The band was legendary for the towering power and epic length of its shows across Europe and North America. Its New Year’s Eve concerts at Toronto’s Horseshoe Tavern were Auld Lang Syne extravaganzas.

In 2003, the Sadies toured with Mr. Louris and the Jayhawks in the United States. “We were somewhere cold, and they had a van that wouldn’t start. They might not have had a hotel room.”

On stage, however, the band transformed. “They wore the fancy country suits and put on a performance that rivalled a Las Vegas performance show by Elvis,” Mr. Louris recalled.

A concert contract stipulation provided to promoters forbid venue sound technicians from telling the Sadies to turn down their volume. Once at the luxury Creekside Villa boutique hotel in Canmore, Alta., the band was 20 minutes into their first set when the lights went out and the fire alarm went on. The confused audience was forced to go outside as staff and firemen investigated.

“It was the sheer volume of watts being pulled from the circuit breaker that shut everything down,” recalled Andy Cotter of the local opening act, Elk Run & Riot. “It was a small room, and our jaws just dropped when the Sadies brought their vintage amplifiers in and lined the wall with all their gear.”
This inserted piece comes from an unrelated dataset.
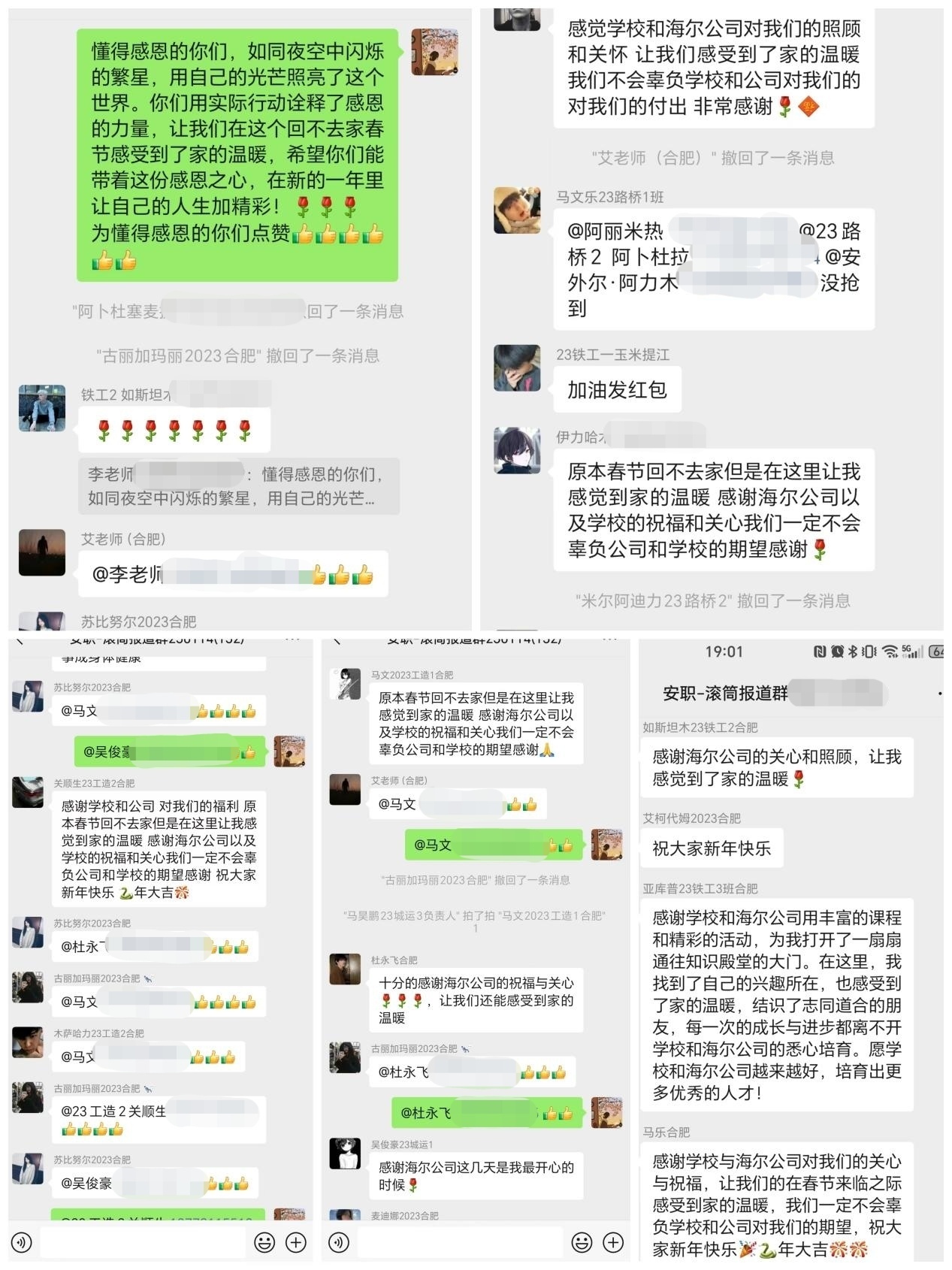 在一系列精彩纷呈的春节活动圆满落下帷幕后,同学们内心的感激之情如潮水般涌动,自发且热烈地表达出对各方关怀的深深谢意。这些正值青春的民族中职生们,虽远离家乡千万里,但在学院以及海尔公司的全方位关怀下,这个春节充满了家的温暖与温情,令他们刻骨铭心。大家纷纷表示,学院的老师们不辞辛劳,从学习上的耐心指导到生活中的贴心照料,每一个细节都饱含着浓浓的师爱;省教育工委的关怀与指导如明亮的灯塔,为他们的求知道路指引方向;海尔公司的爱心服务,更是为他们的学习生活增添了诸多欢乐与惊喜。未来一定会珍惜这难得的学习机遇,不断提升个人能力与素养,积极投身社会建设,将这份温暖与关爱传递下去,为家乡的繁荣发展添砖加瓦,以实际行动回馈所有给予自己帮助的人。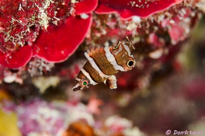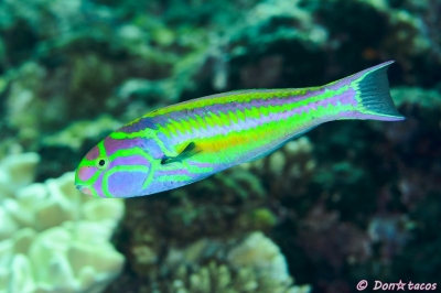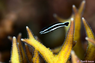 JUGEMテーマ:水中写真 小型のベラで浅場のサンゴの中をウロウロしてます。 なんだか大阪の”くいだおれ太郎”みたいな色のヤツ。 チョロチョロしてるので意外に撮影するのはムズいです。 条鰭綱 スズキ目 ベラ科 ニセモチノウオ属 ニセモチノウオ 石垣島 竹富沖 水深5m サイズ2cm 2016年9月 撮影:Don☆tacos 石垣島 荒川沖 水深5m サイズ3cm 2015年6月 撮影:Don☆tacos

Despite all the noise they made critically and otherwise, the Sadies never made a lot of money at the best of times. At the worst of times, namely the past two years of having concerts cancelled because of the COVID-19 pandemic, they struggled even more.

“I’m trying to ignore growing debt while incurring new ones,” Mr. Good wrote in journal he kept for a proposed documentary on the band by Mr. Mann. Stuck at home and unable to practise as much as he would like, the guitarist wrote that he was “definitely slipping” because of the inactivity.

“Some bands tour to promote a record,” Mr. Mann said, “but the Sadies tour as a way of life.”

The Sadies have shows scheduled this spring in the Prairies and Ontario. Though the band’s future is unclear, a new album, Colder Streams, is set to be released this summer. The record was produced by Arcade Fire’s Richard Reed Parry, who announced last week that he had also been working on a duo album with Mr. Good inspired by the Everly Brothers.

Mr. Good leaves his wife, Ms. Schenk; parents, Margaret and Bruce; and brother, Travis.